A seleção brasileira feminina de vôlei segue mostrando porque é considerada uma das grandes favoritas ao título do Mundial de Vôlei 2025, disputado na Tailândia. No último jogo da fase de grupos, o Brasil não deu chances para Porto Rico, venceu por 3 sets a 0 — com parciais de 25/19, 25/13 e 25/18 — e encerrou a primeira fase de forma invicta, garantindo a liderança do Grupo C.

Já classificado para as oitavas de final antes mesmo de entrar em quadra, graças às vitórias sobre Grécia e França, o time comandado por José Roberto Guimarães manteve a intensidade, apresentou um bloqueio quase intransponível e confirmou o favoritismo.

O bloqueio brasileiro como arma decisiva

Se existe uma marca registrada desta partida, foi a atuação impecável do bloqueio verde-amarelo. O Brasil anotou 17 pontos no fundamento, contra apenas cinco da equipe porto-riquenha.

O desempenho coletivo foi determinante: seis jogadoras diferentes pontuaram no bloqueio, mostrando que não se trata apenas de destaques individuais, mas de uma engrenagem bem ajustada. Entre elas, brilharam:

  • Julia Kudiess, com 6 pontos de bloqueio;
  • Diana, com 4 pontos;
  • Julia Bergmann, também com 4 pontos.

Esse poder defensivo fez Porto Rico ter enormes dificuldades para superar a muralha brasileira, o que obrigou o adversário a arriscar mais, cometendo erros que facilitaram ainda mais a vitória.

Meio de rede dominante

Outro ponto fundamental para a vitória brasileira foi o jogo pelo meio de rede. A levantadora Macris, que manteve a titularidade, fez excelente distribuição e explorou bastante as centrais.

Ao todo, o setor somou 27 pontos, mostrando que a estratégia de jogar pelo meio foi eficaz contra a fragilidade do bloqueio porto-riquenho.

A maior pontuadora do duelo foi Julia Kudiess, com 14 acertos, seguida de perto por Diana, que marcou 13 pontos. Essa dobradinha de centrais mostra o equilíbrio e a profundidade ofensiva da seleção, que tem múltiplas opções para decidir os lances.

Macris e o equilíbrio ofensivo

Além da força no bloqueio e nas centrais, o destaque ficou para a levantadora Macris, uma das principais jogadoras do elenco. Com grande precisão, ela fez a bola rodar, permitindo que cinco atacantes diferentes pontuassem com frequência.

  • Julia Kudiess: 14 pontos;
  • Diana: 13 pontos;
  • Julia Bergmann: 11 pontos;
  • Gabi e Kisy: 8 pontos cada;
  • A própria Macris ainda contribuiu com um ponto de ataque e um ace de saque.

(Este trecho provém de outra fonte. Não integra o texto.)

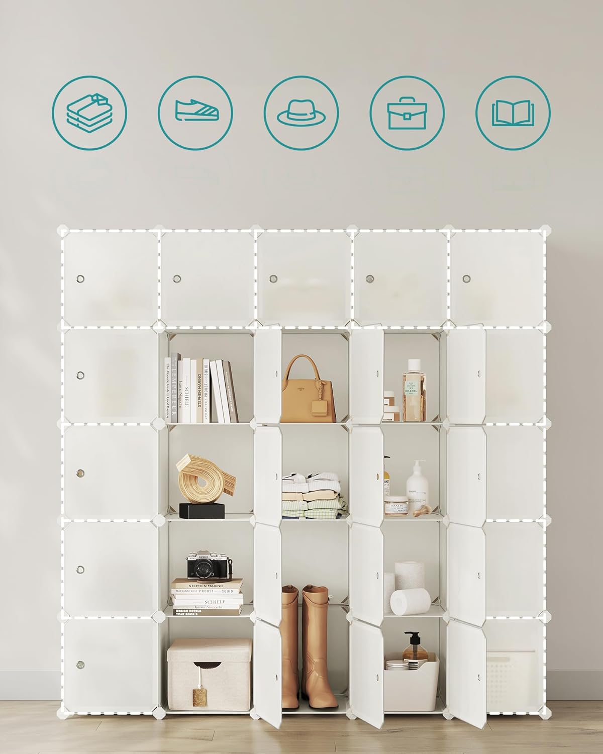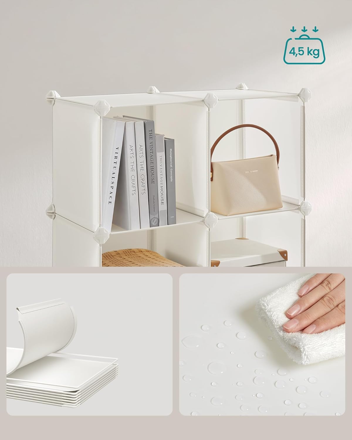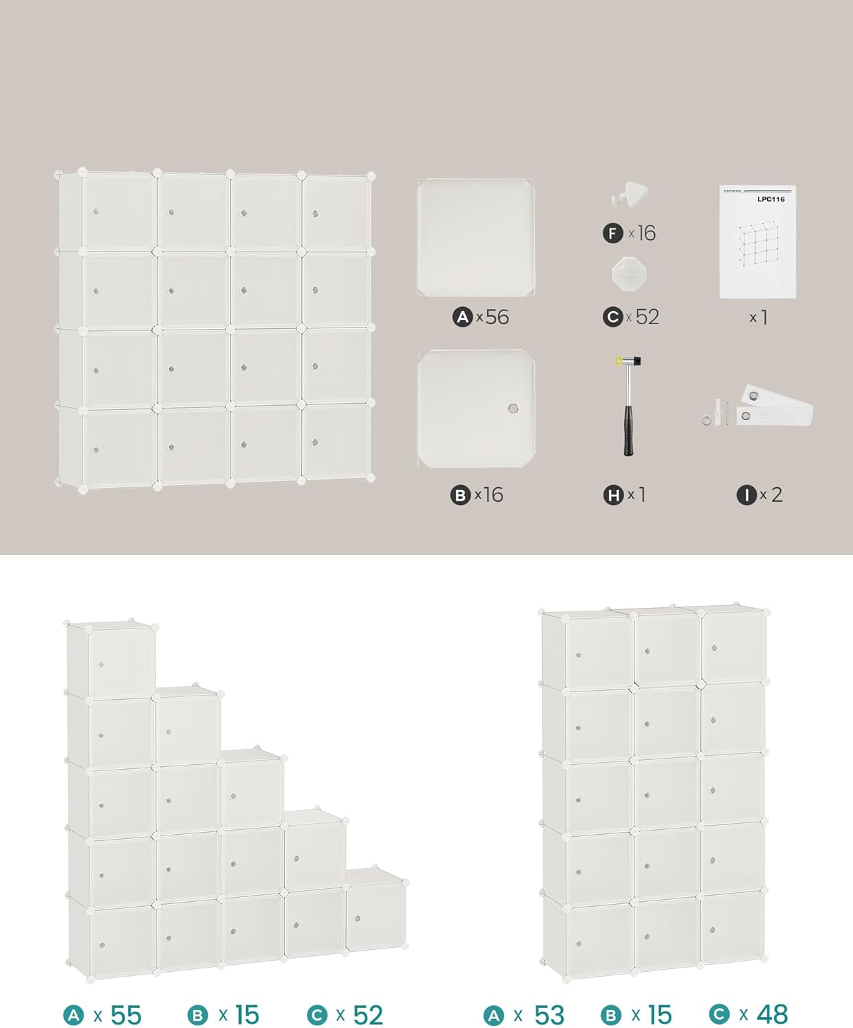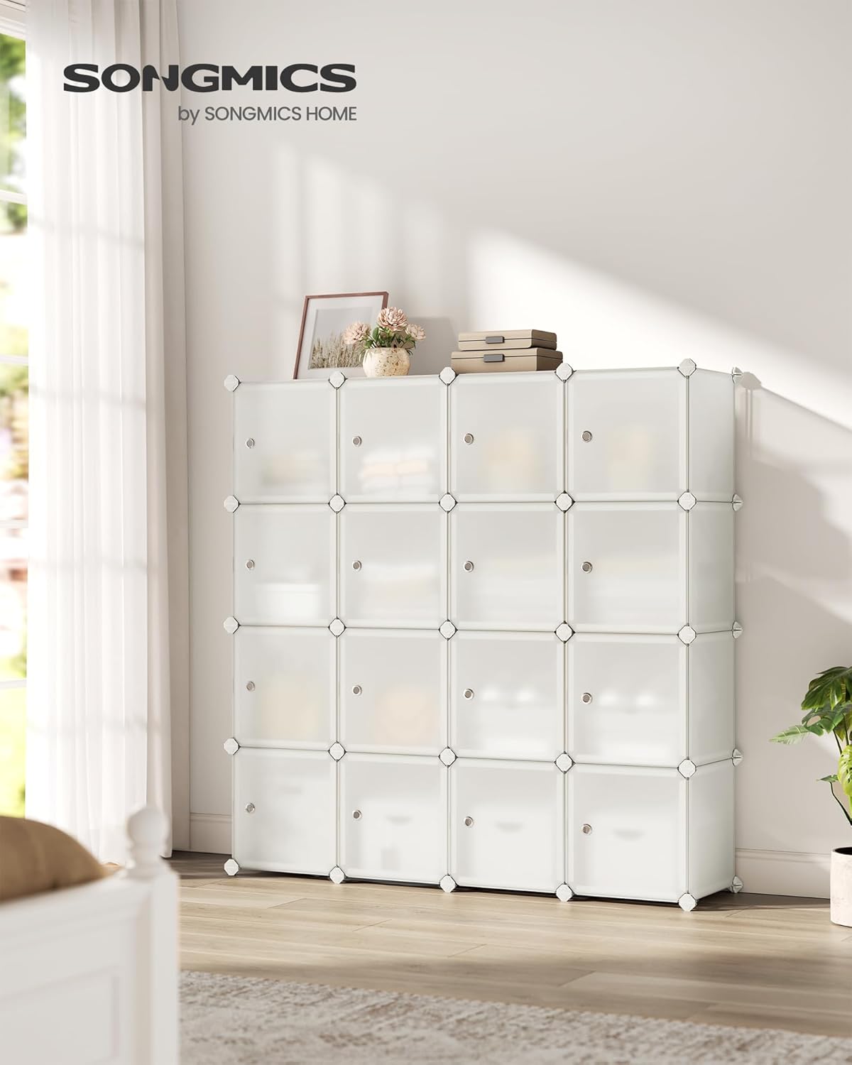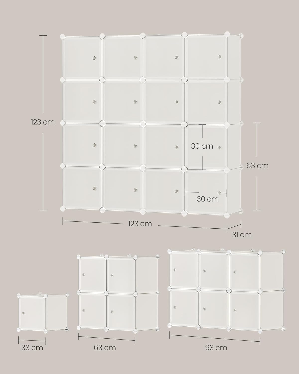 SONGMICS Dulap modular cu 16 cuburi si usi, cadru metalic, asamblare usoara, 123x123x31 cm, crem
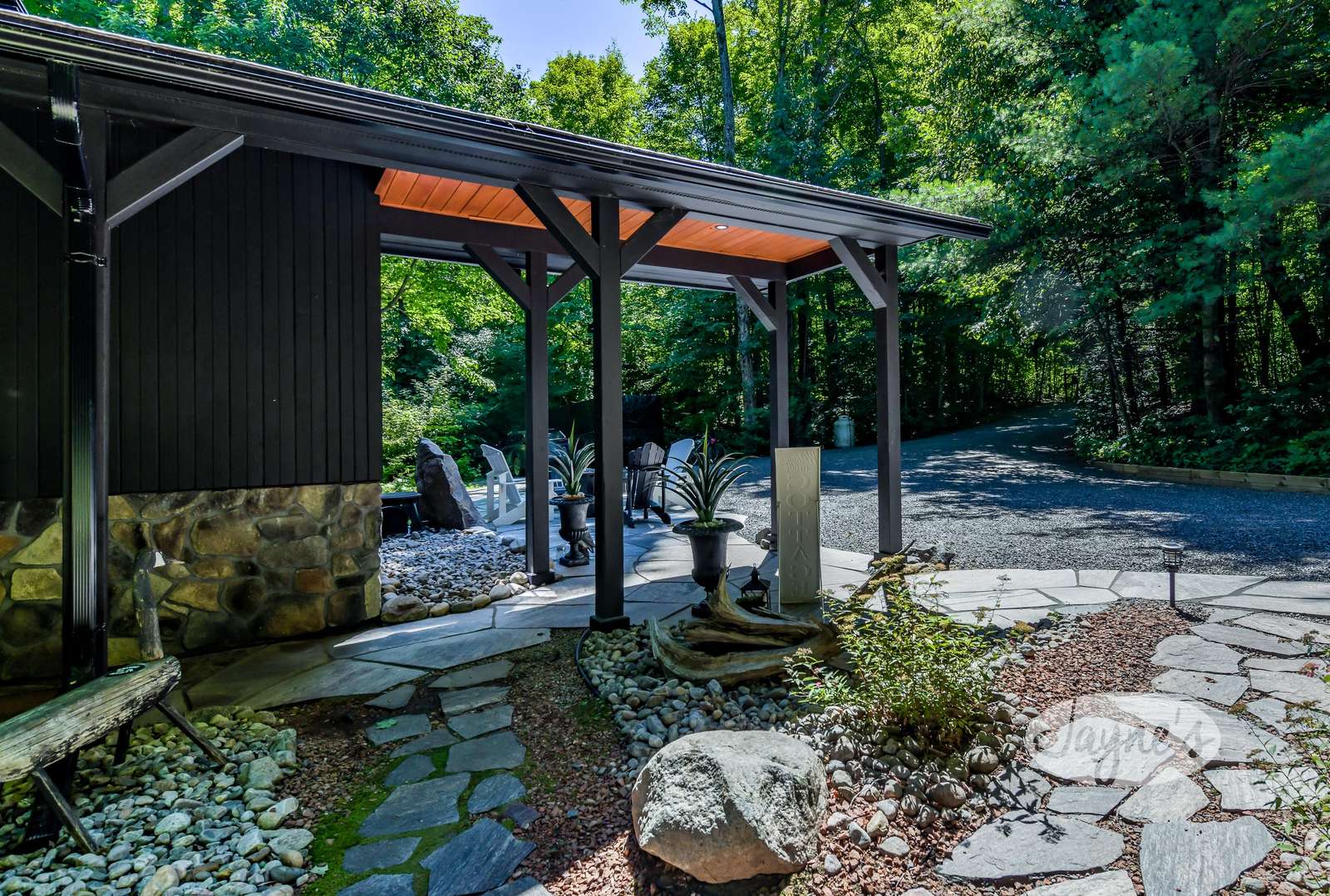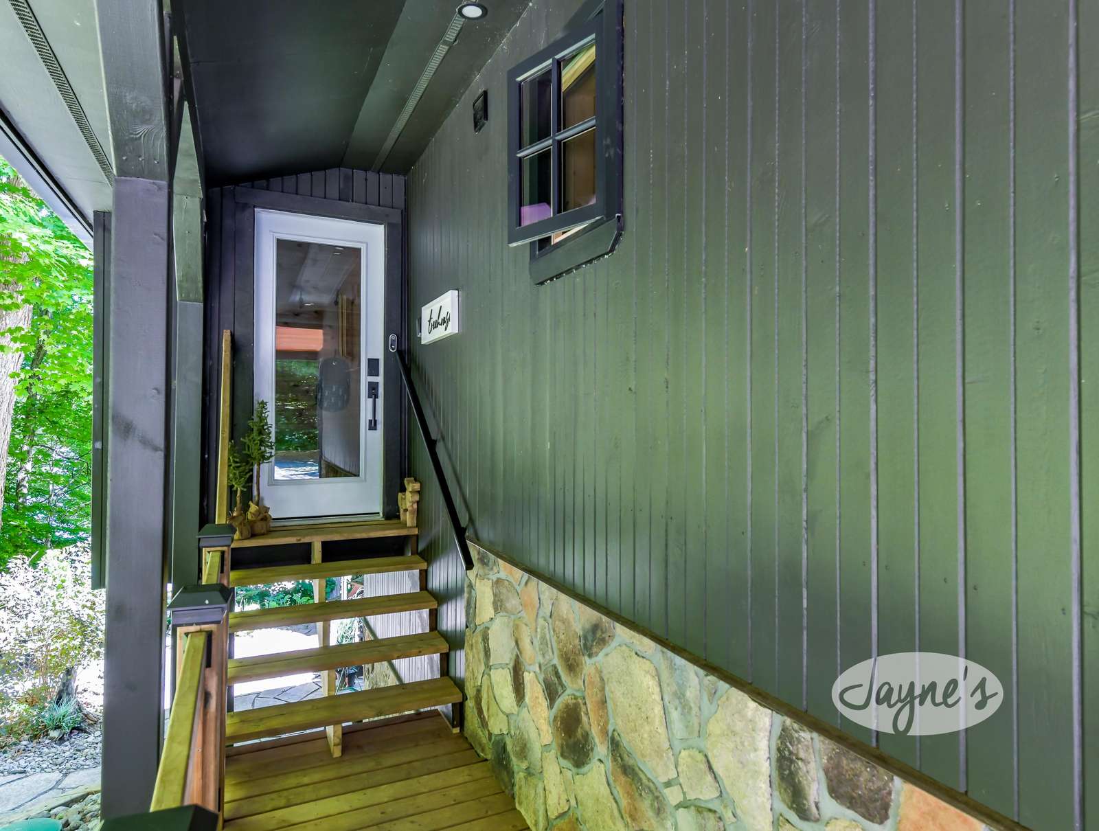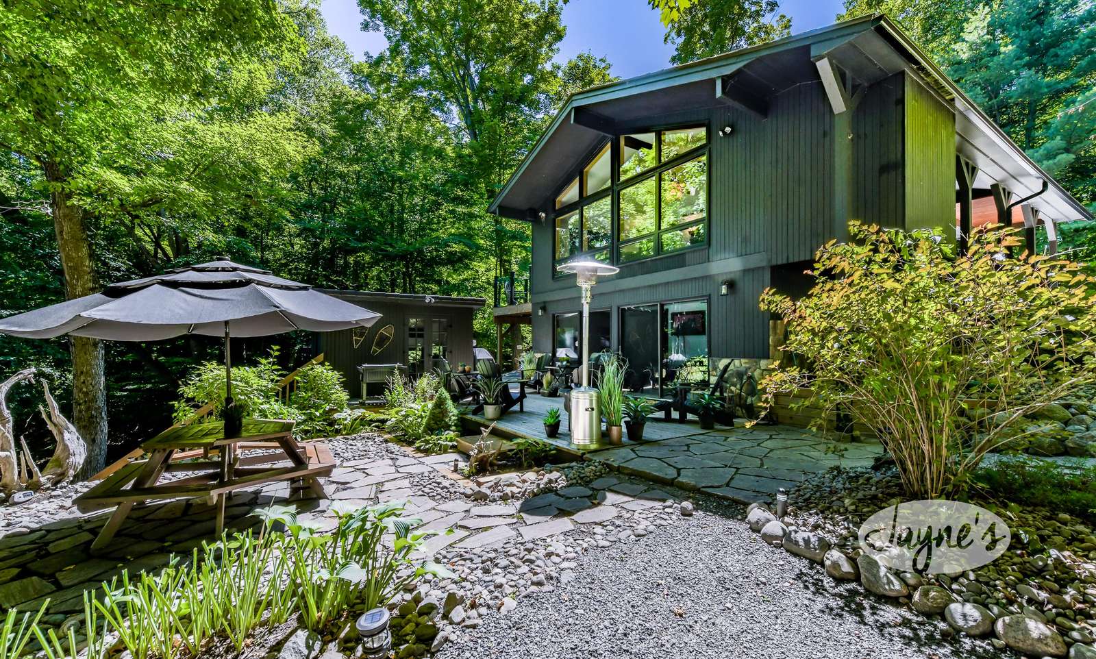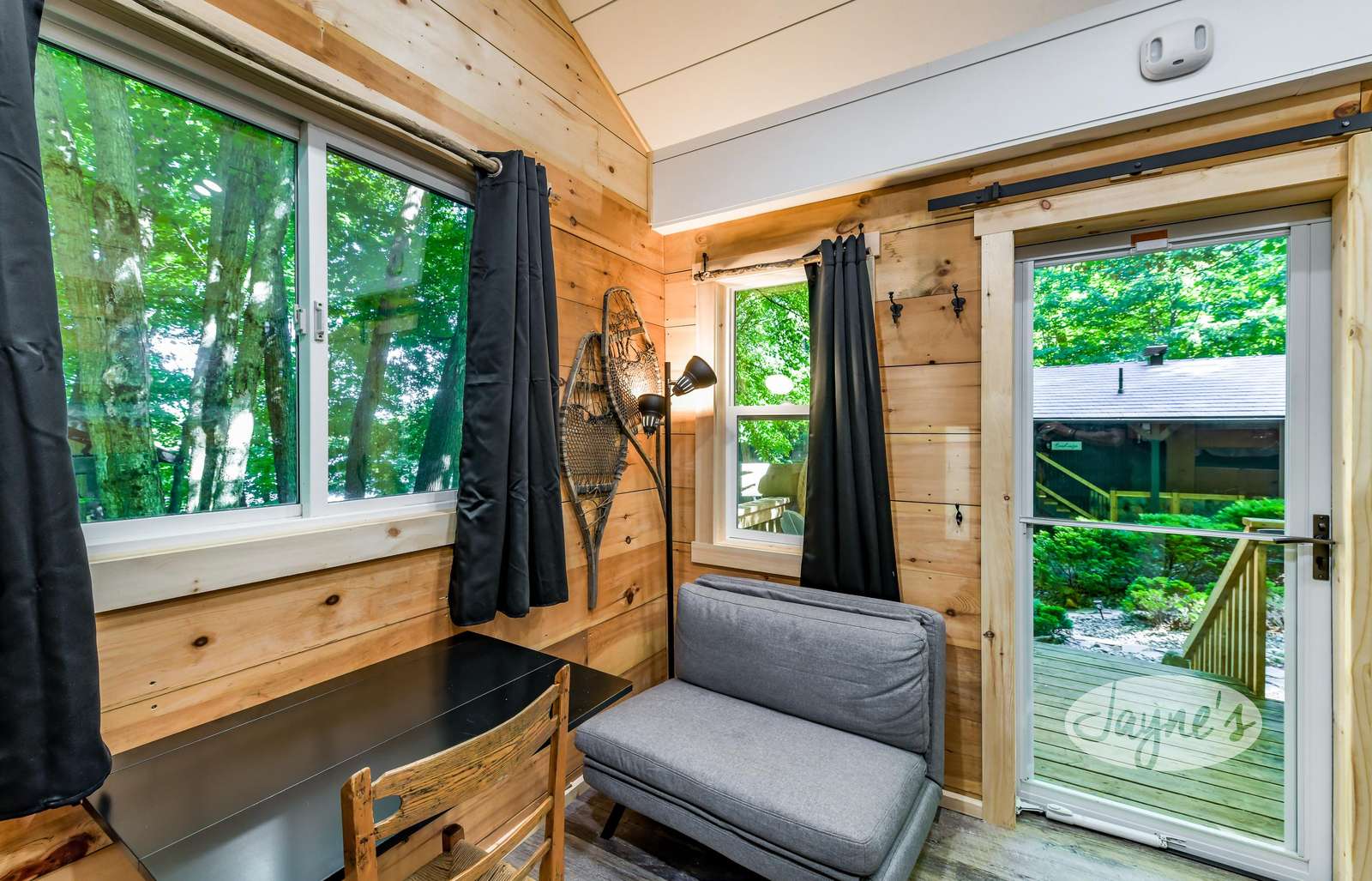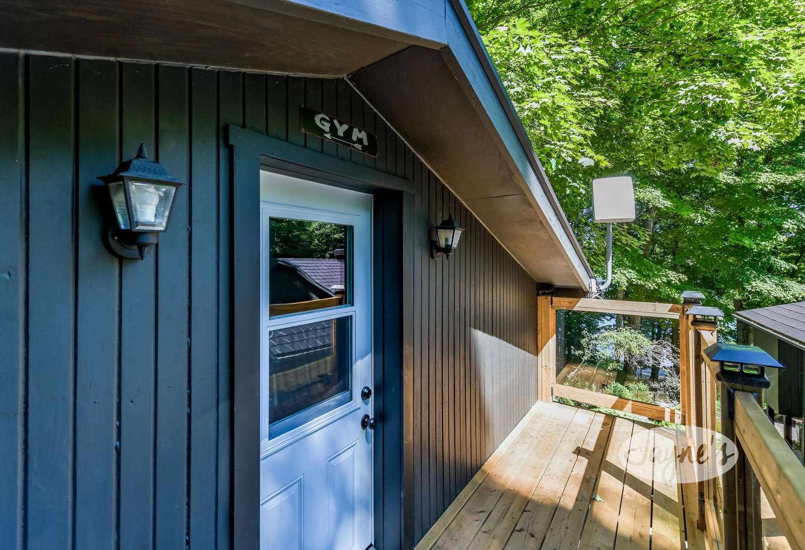 TREEHOUSE is a cottage that integrates right into its environment that is surrounded by trees, providing guests with a cozy atmospheric feeling. The guests will enjoy this in the summer especially, as the majority of the property is fully shaded! There is ample outdoor parking. As guests head up a couple of stairs to the outdoor patio on the right side of the cottage, they will find an outdoor gas fireplace, a seating area for 6 with an umbrella and a BBQ. This area is enclosed by glass railings that don’t obstruct the guests from appreciating the beautiful view. Guests will continue alongside the cottage where guests will see a BBQ, a round hot tub, an outside shower the additional outdoor kitchen and patio. With a spacious patio that has 6 Muskoka chairs, a hexagon shaped picnic table with an umbrella and a portable cooler. Whether guests want to admire the morning view while sipping on their beverage of choice or to have dinner out here one evening, the options are limitless! As guests head down the wooden stairs with a handrail, guests will find this area has a lot of fun features as well! A picnic table off to the right and directly in front will be the fire pit area that seats four. Slightly to the left side, guests will see a seating area for 2 with a card table, a ninja line and tether ball. It doesn’t stop there for the different activities you can do as there is a very generous sized beach that comes loaded with water toys and a change room! Guests will find they arrive at a spacious beach on Salmon Lake. Salmon Lake is a

Esse equilíbrio é um dos grandes trunfos do Brasil: a equipe não depende de apenas uma jogadora para definir partidas, mas tem uma rotação ofensiva variada, capaz de dificultar a leitura de jogo das adversárias.

Rodízio e testes de olho no mata-mata

Com o controle do placar, o técnico Zé Roberto aproveitou o jogo para fazer alguns testes e dar ritmo a jogadoras que podem ser importantes na fase de mata-mata.

No terceiro set, entraram em quadra Rosamaria e Tainara. Mesmo com poucos minutos, Rosamaria ainda anotou dois pontos e mostrou que pode ser uma peça valiosa em momentos decisivos.

Essa estratégia de dar rodagem ao elenco é vital em competições longas, em que a sequência de jogos exige preparo físico, variação tática e alternativas para surpreender os adversários.

Como foi o jogo, set a set

Primeiro set: Porto Rico começou equilibrando o marcador, mas a força ofensiva de Kisy e os bloqueios das “Julias” logo colocaram o Brasil em vantagem. A seleção controlou o ritmo e fechou em 25/19 com tranquilidade.

Segundo set: foi um verdadeiro atropelo. Com Macris distribuindo bem as bolas e Diana dominando no ataque e no bloqueio, o Brasil abriu larga vantagem. Julia Bergmann brilhou na reta final e fechou a parcial em 25/13.

Terceiro set: o paredão brasileiro continuou funcionando, especialmente com Julia Kudiess. Porto Rico tentou reagir quando Zé Roberto promoveu mudanças na equipe, mas a seleção manteve o controle e sacramentou a vitória com 25/18.

Próximo desafio: quem vem pela frente?

Com a liderança do Grupo C, o Brasil agora espera o segundo colocado do Grupo F, que será definido no confronto entre República Dominicana e China.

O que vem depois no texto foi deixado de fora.